Btw, I recently discovered that Cliff Stoll is one of the awesome guys who appears on the Numberphile YouTube channel, so if you watch that, know that it's him :)

My favorite bit was jangling his keys to induce noise in the line to delay the hacker long enough for a trace.
I think you will enjoy Kingpin by Kevin Poulsen.
Seconded. Loved this.
Came here to say this. Great book. Not a novel, but still worthy of a mention. It definitely reads like one with the pacing and writing.
Reamde, by Neal Stephenson.

Yeah, the big daddy of cyberpunk ("Snowcrash") also wrote a contemporary technothriller set in organized cybercrime organizations.

Heard very mixed reviews of Reamde. Could you please tell me what elements you liked of the book?

It's been on my reading list for a while but the mixed reviews always lead to it being left for another day

Its a fun book, and a good intro to Stephenson (it was my first book I read of his, and now I've read four others). But if you've read his other stuff first or are a more hardcore sci-fi nerd, its easy to think that its a little closer to a blockbuster thriller than science fiction.
Its very different from Stephenson's other novels. Its much more of a thriller with a few tech elements thrown in. I really enjoyed it, but don't go in expecting another cryptonomicon.
Disclaimer, I'm a big Neal Stephenson fan.

Reamde, is a fast paced techno thriller. It's arguably one of his lesser novels but still a ton of fun IMHO.

The premise of the book is that of an online game that is essentially similar to world of warcraft with the difference that the entire point of the game is the in game economy.

This part of the book is pretty well developed and ties in nicely with his other novels that also deal with money, gold, crypto currencies, etc. The crisis in the game is when a group of enterprising chinese hackers deploy a virus that encrypts people's laptops via a bit of ransomware distributed via email. To unlock their computers people are to pay some of the in game gold in a particular area. All goes sideways through a set of rather unlikely coincidences.

There are a lot of other elements being dragged into this including a fair bit of gun wielding by terrorists, russian mafia, and the protagonist and his somewhat libertarian family. This is is not the most innovative plot and it is ultimately a relatively one dimensional plot that is in places a bit cringeworthy.

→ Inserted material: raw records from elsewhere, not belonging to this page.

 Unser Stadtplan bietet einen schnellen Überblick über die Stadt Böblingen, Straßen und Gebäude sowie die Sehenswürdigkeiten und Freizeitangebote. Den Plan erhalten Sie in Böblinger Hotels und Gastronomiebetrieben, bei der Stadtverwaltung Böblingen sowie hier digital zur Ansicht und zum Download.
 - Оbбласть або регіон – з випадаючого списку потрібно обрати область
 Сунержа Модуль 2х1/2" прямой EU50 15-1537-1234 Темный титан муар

I still enjoyed this book and have read it multiple times. It's got plenty of side plots, detailed musings, and so on that are typical for Neal Stephenson. If you enjoy that kind of thing, this book is fine but it's no Anathem or Snow Crash.

> somewhat libertarian family

Boy, that's putting it mildly. :)

I'm a big Stephenson fan, and I thought Reamde was terrible.

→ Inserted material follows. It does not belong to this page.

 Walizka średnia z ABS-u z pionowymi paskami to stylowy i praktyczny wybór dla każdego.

His usual quirky pacing just turns into a dragging nightmare that never pays off, it's uncharacteristically full of questionable technical premises, and if it weren't for a few islands of genuinely entertaining scenes I would not have made it through.

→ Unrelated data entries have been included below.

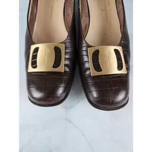 You'll love this beautiful vintage pump, perfect for casual and formal occasions. 90's style square toe with block heel, brown leather with a snakeskin or crocodile texture, gold medallion with Ferragamo logo on toe box. Very gently used, most signs of wear are on interior. See photos!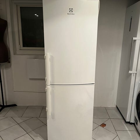 Electrolux køle-fryseskab med kombineret køle- og frysefunktion. Produktet er hvidt og har separate rum til køling og frysning med flere hylder og skuffer til opbevaring.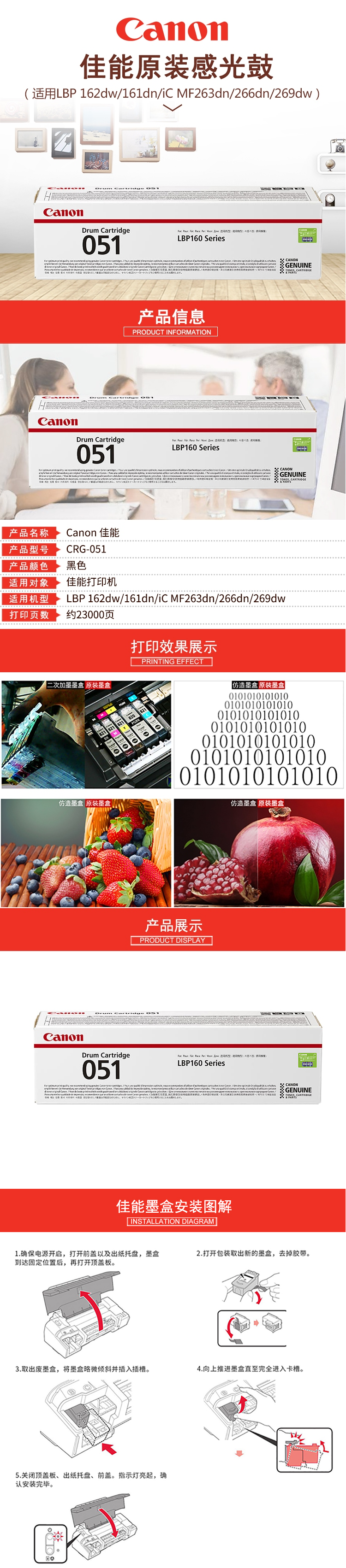 • 商品名稱:佳能(Canon) Drum CRG 051 黑色感光鼓 打印量23000頁 適用于LBP162DW,LBP161DN,MF269DW,MF266DN,MF263DN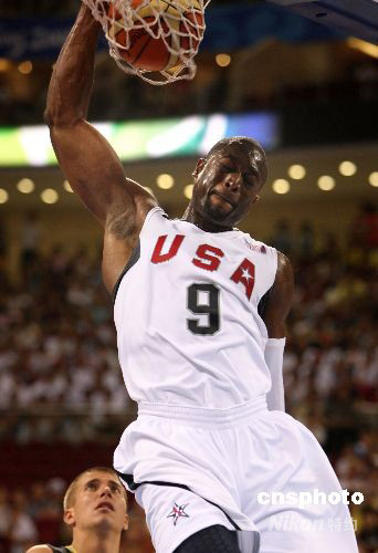 8月18日,北京奧運會男籃小組賽最后一輪賽事在北京五棵松籃球館舉行,此前四戰(zhàn)四勝的美國“夢八隊”以106比57橫掃由NBA巨星德克·諾維茨基率領的德國隊,隊中各員大將輪流上演扣籃絕技。美國隊的勝利確保了中國隊進入前八席位。圖為韋德在扣籃。 中新社發(fā) 任晨鳴 攝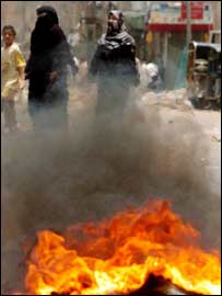 کراچی میں ہنگاموں کےخلاف اے آر ڈی اور ایم ایم اے میں شامل جماعتوں کی کال پر اندرون سندھ کے سارے ضلع ہیڈ کوارٹرز میں احتجاجی مظاہرے اور ریلیاں ہوئی ہیں۔ حیدرآباد، نواب شاہ، لاڑکانہ، قمبر شہداد کوٹ، سکھر اور جیکب آباد سمیت سارے شہروں اور تحصیل ہیڈ کوارٹروں میں احتجاجی جلوس نکالے گئے۔ پولیس حکام کے مطابق شکارپور کے جہاز چوک پر واقع ایم کیو ایم کے زونل دفتر کو نامعلوم افراد نے آگ لگا دی۔ایم کیو ایم کے مقامی رہنماؤں نے کسی کے خلاف ایف آئی آر درج نہیں کروائی۔ جیکب آباد میں پی پی پی، جی یو آئی اور ایس ٹی پی کے جلوس کے دوران مشتعل لوگوں نے شہر میں لگے ہوئے ایم کیو ایم کے جھنڈوں کو آگ لگا دی۔ ایم کیو ایم کے سربراہ الطاف حسین کے پتلے بھی نذر آتش کیئے گئے۔ سکھر اور نواب شاہ میں کراچی کے ہنگاموں کے دوران ہلاک شدگان کے لیے غائبانہ نماز جنازہ ادا کی گئی۔ سندھ کے قوم پرست رہنما رسول بخش پلیجو کی جماعت عوامی تحریک کی جانب سے ان کے ایک کارکن محمد نواز کنرانی کی کراچی میں ہلاکت کے خلاف حیدرآباد، بدین، ٹھل اور دیگر چھوٹے بڑے شہروں میں شٹر بند ہڑتال کی گئی۔ تحریک نفاذ فقہ جعفریہ پاکستان نے پیر کو پورے ملک میں کراچی کے واقعات کے بعد یوم دعا منانے کا اعلان کیا ہے۔ | اسی بارے میں کراچی کی ’جنگ‘ کس نے جیتی؟12 May, 2007 | پاکستان کراچی میں ہنگامے، چونتیس ہلاک12 May, 2007 | پاکستان چیف جسٹس کے وکلاء ’صوبہ بدر‘12 May, 2007 | پاکستان صدر کے جلسے کی تیاریاں مکمل12 May, 2007 | پاکستان پشاور: پیر سے پیہہ جام ہڑتال12 May, 2007 | پاکستان دھماکہ:سابق فراری کمانڈر زخمی12 May, 2007 | پاکستان کراچی: مزید ہلاکتیں، رینجرز تعینات13 May, 2007 | پاکستان کراچی کے خون سے اخبارات رنگے رہے13 May, 2007 | پاکستان | ||||||||||||||||||||||||||||||||||||||||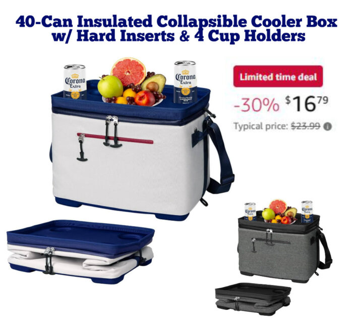 40-Can Insulated Collapsible Cooler Box w/ Hard Inserts & 4 Cup Holders $16.79 (reg $23.99)
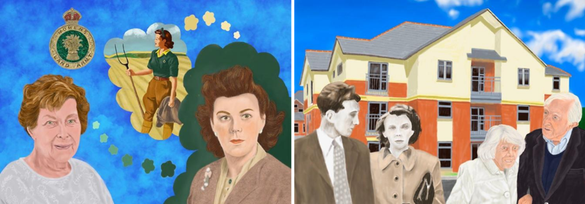 (Left: Fellow resident Joan in the past and now. Right: Fellow residents John and Celia in the past and now on the foreground of Westbourne House)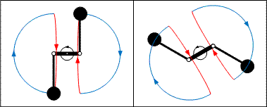 Принцип действия основан на перемещении грузов во взаимно перпендикулярных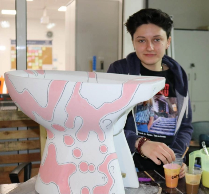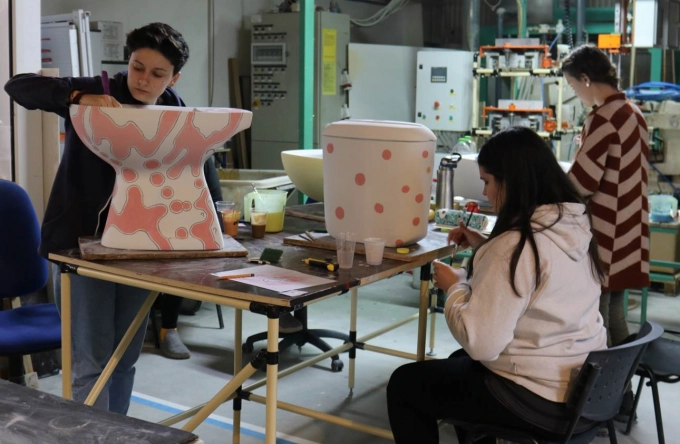За някои може да е странно, но всъщност правилната дума е "красиво". Точно нещо красиво се получава, когато студентите от Нов български университет рисуват върху керамичните изделия на Завода за санитарна керамика на "Идеал Стандарт-Видима”. И повярвайте, няма нищо странно в това тоалетната да бъде изрисувана.

I honestly believe it's the result of some suit pressuring him to write about topics people see on Dateline

Yeah, I would skip this and read Cryptonomicon again.
It definitely dragged on, but overall I thought it was enjoyable. He definitely kept building up to climaxes throughout the whole book - on an airplane, I kept sadly checking the percentage read because I was sure I was almost done with it, only to discover that I was only 30%, 50%, 70% along...

If you're a Stephenson fan, I would absolutely give this a read.

Maybe - but he finally figured out how to write an ending.
The other thing about Reamde is that it's one of those books that depends on case after case of events happening and aligning in a very particular way or there wouldn't be a story.
I wholeheartedly agree. I only finished it because it was his, but I feared he could be «losing it».

Fortunately seveneves was again spectacular.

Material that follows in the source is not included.